Три женщины одного мужчины - Татьяна Булатова 31 стр.


Вильский поморщился.

– Я не по этой части. У меня, если что и случается, то всерьез и надолго. Как хроническая болезнь.

– А потом происходит чудо, и вы исцеляетесь, – иронично откомментировала Марта.

– Ну… можно и так сказать.

– Тогда тем более, – она приподнялась на локте, и с ее круглого, покрытого веснушками плеча соскользнула шелковая розовая бретелька. – Завтра вы придете в себя и исцелитесь.

– А до завтра у меня есть еще один шанс? – глухо проговорил Вильский и потянулся к Марте.

– Не думаю, что надо спешить, – без всякого кокетства произнесла Марта Петровна и повернулась к своему партнеру спиной. Евгению Николаевичу не было видно – она улыбалась.

То, что ему отказали, да еще и в столь щекотливой ситуации, задело Вильского за живое: он поднялся с кровати, медленно натянул на себя брюки, попутно отметив, что те стали значительно свободнее в талии, и объявил, что едет домой.

– Спасибо вам, Евгений Николаевич, – томно промурлыкала Марта и улеглась, закинув руки за голову.

– За что? – Вильский аккуратно застегнул запонки на рубашке.

– За все. Мне было очень приятно с вами. Я даже по-своему удивлена…

– Чем?

– Обычно мужчины в вашем возрасте не такое не способны. Очень неожиданно…

Евгений Николаевич покраснел, но не от стыда, а от удовольствия.

– Мне кажется это абсолютно нормальным, – явно переоценивая собственные силы, ответил Вильский.

– Я так не думаю… – со знанием дела протянула Марта и кокетливо поправила сползшую бретельку. – Можно я не буду вас провожать? – зевнула она, всем своим видом демонстрируя особую женскую утомленность. – Позвоните, как доберетесь до дома.

– Я позвоню вам завтра, – пообещал Евгений Николаевич и, поправив галстук, нагнулся над Мартой, чтобы поцеловать ей руку.

В ответ мадам Саушкина изобразила нечто напоминающее смущение и зарылась лицом в подушку.

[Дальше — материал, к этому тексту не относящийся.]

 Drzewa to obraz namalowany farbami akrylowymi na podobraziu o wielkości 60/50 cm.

– Спокойной ночи, – попрощался с ней Вильский и покинул гостеприимный дом известной верейской тамады. Впервые за несколько месяцев он пребывал в почти забытом состоянии полета, когда все кажется по плечу. Захлопнув за собой дверь, Евгений Николаевич даже попытался сбежать вниз по лестнице, но споткнулся уже на третьей ступеньке, потому что ноги не слушались, а колени не гнулись.

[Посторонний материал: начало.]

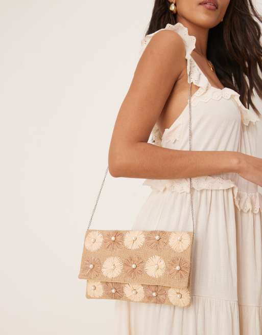 True Decadence - Envelopvormige clutch met bloemen in bruin

«Попалась птичка в клетку», – улыбнулась Марта и, легко соскочив с кровати, подбежала к задрапированному розовым тюлем окну. Женская интуиция безошибочно подсказала ей, что сейчас она увидит Вильского, рассматривающего светящиеся окна. Марта Петровна смело отдернула занавес, помахала ему рукой и жестом показала, что ждет звонка.

– Я позвоню, – прошептал себе под нос Евгений Николаевич и исчез в темноте.

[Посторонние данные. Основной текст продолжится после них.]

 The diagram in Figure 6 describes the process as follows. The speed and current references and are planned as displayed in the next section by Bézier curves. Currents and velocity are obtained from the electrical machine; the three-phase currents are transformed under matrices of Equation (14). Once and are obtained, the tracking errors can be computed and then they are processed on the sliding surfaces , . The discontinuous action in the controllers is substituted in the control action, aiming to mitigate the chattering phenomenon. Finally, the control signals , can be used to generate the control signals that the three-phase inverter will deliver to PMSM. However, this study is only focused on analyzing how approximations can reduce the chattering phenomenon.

«Конечно, позвонишь», – мысленно подтвердила Марта, и с нее разом слетела вся наигранная бодрость: сгорбившись, она села на кровать, достала из тумбочки лосьон и, смочив ватный диск, начала медленно смывать с себя косметику.

Пока Марта Петровна раздумывала о том, что красота требует жертв, на минуту в ее сознание закралась мысль, что «на чужом несчастье счастья не построишь». Но вера в любовь заставила ее встрепенуться и отогнать ненужные сомнения: «Каждый сам кузнец своего счастья. В конце концов, я мужика из семьи не уводила. Да и не по зубам он Валюхе. Все равно бы ничего не вышло».

Впрочем, о бедной Валентине, невольно устроившей судьбу влюбленных, и она, и Вильский вспоминали с особой благодарностью. «Если бы не ты!» – не уставала говорить «спасибо» Марта и грозилась сделать двухметровую бабищу подружкой невесты у себя на свадьбе. «Подожди пока, – язвила ее злопамятная Валя, – вдруг не женится?» «Женится! – самонадеянно восклицала Марта и балагурила: – Куда он денется – влюбится и женится».

– Не сейчас, – сразу же пресек любые обсуждения Евгений Николаевич в ответ на вопрос, как будут выглядеть их отношения.

– Почему? – растерялась Марта Петровна, всерьез планировавшая совместное будущее почти завтра.

– Мне нечего тебе предложить, – мрачнел Вильский, вспоминая запущенную до безобразия квартиру матери. Кира Павловна, словно нарочно, завидуя сыновьему счастью, мудровала над ним и категорически сопротивлялась любым нововведениям на своей территории. «Давай я душевую кабину поставлю», – предлагал ей ценивший чистоту и комфорт Евгений Николаевич. «А как я мыться буду?» – подскакивала на месте Кира Павловна. И Вильский терпеливо объяснял матери весь процесс от начала до конца. «Нет! – отказывалась от благ цивилизации Кира Павловна и добавляла: – Это не мытье, а одно мучение». «Так ты даже не пробовала!» – начинал раздражаться Евгений Николаевич, измученный ее капризами. «И не буду! – заявляла она ему и показывала нужное направление: – У своей ставь, а в моем доме – я хозяйка».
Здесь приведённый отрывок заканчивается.